● EXTRACTED MATERIAL
....

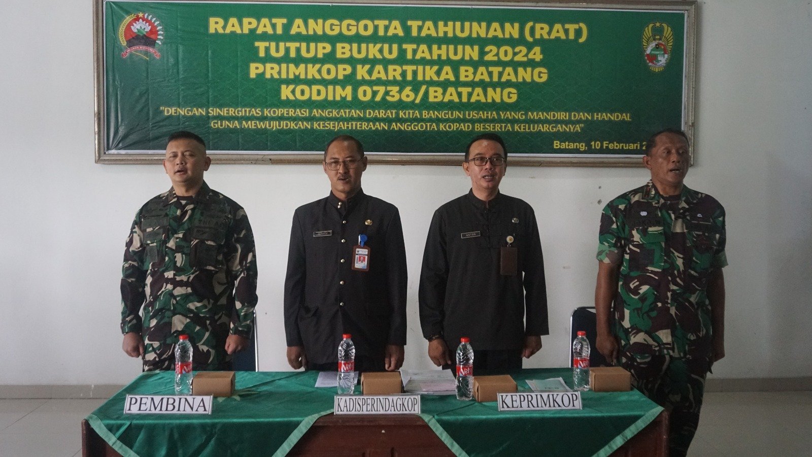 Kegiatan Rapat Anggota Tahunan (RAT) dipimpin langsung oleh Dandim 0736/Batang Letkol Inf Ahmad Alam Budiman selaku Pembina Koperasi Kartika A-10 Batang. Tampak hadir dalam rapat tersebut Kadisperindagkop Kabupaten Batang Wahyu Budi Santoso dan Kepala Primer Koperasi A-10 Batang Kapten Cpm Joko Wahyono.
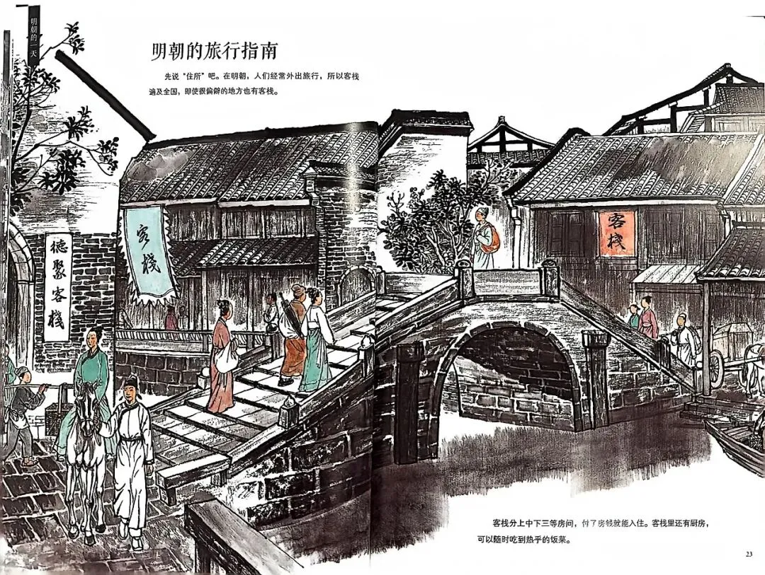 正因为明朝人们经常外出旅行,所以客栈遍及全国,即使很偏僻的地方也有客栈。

....

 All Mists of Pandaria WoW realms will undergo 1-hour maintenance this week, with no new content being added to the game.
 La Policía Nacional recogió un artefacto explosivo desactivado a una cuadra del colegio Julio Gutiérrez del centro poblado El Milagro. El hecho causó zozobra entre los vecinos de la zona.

....

● WHAT IS EXPECTED
Return only the part above that opens with the line containing "Kegiatan Rapat Anggota" and closes with the line containing "正因为明朝人们经常外出旅行,所以客栈遍及全国,即使很偏僻的地方也有客栈。", exactly and with both ends, skipping the pictures.

● EXPECTED ANSWER
 Kegiatan Rapat Anggota Tahunan (RAT) dipimpin langsung oleh Dandim 0736/Batang Letkol Inf Ahmad Alam Budiman selaku Pembina Koperasi Kartika A-10 Batang. Tampak hadir dalam rapat tersebut Kadisperindagkop Kabupaten Batang Wahyu Budi Santoso dan Kepala Primer Koperasi A-10 Batang Kapten Cpm Joko Wahyono.
 正因为明朝人们经常外出旅行,所以客栈遍及全国,即使很偏僻的地方也有客栈。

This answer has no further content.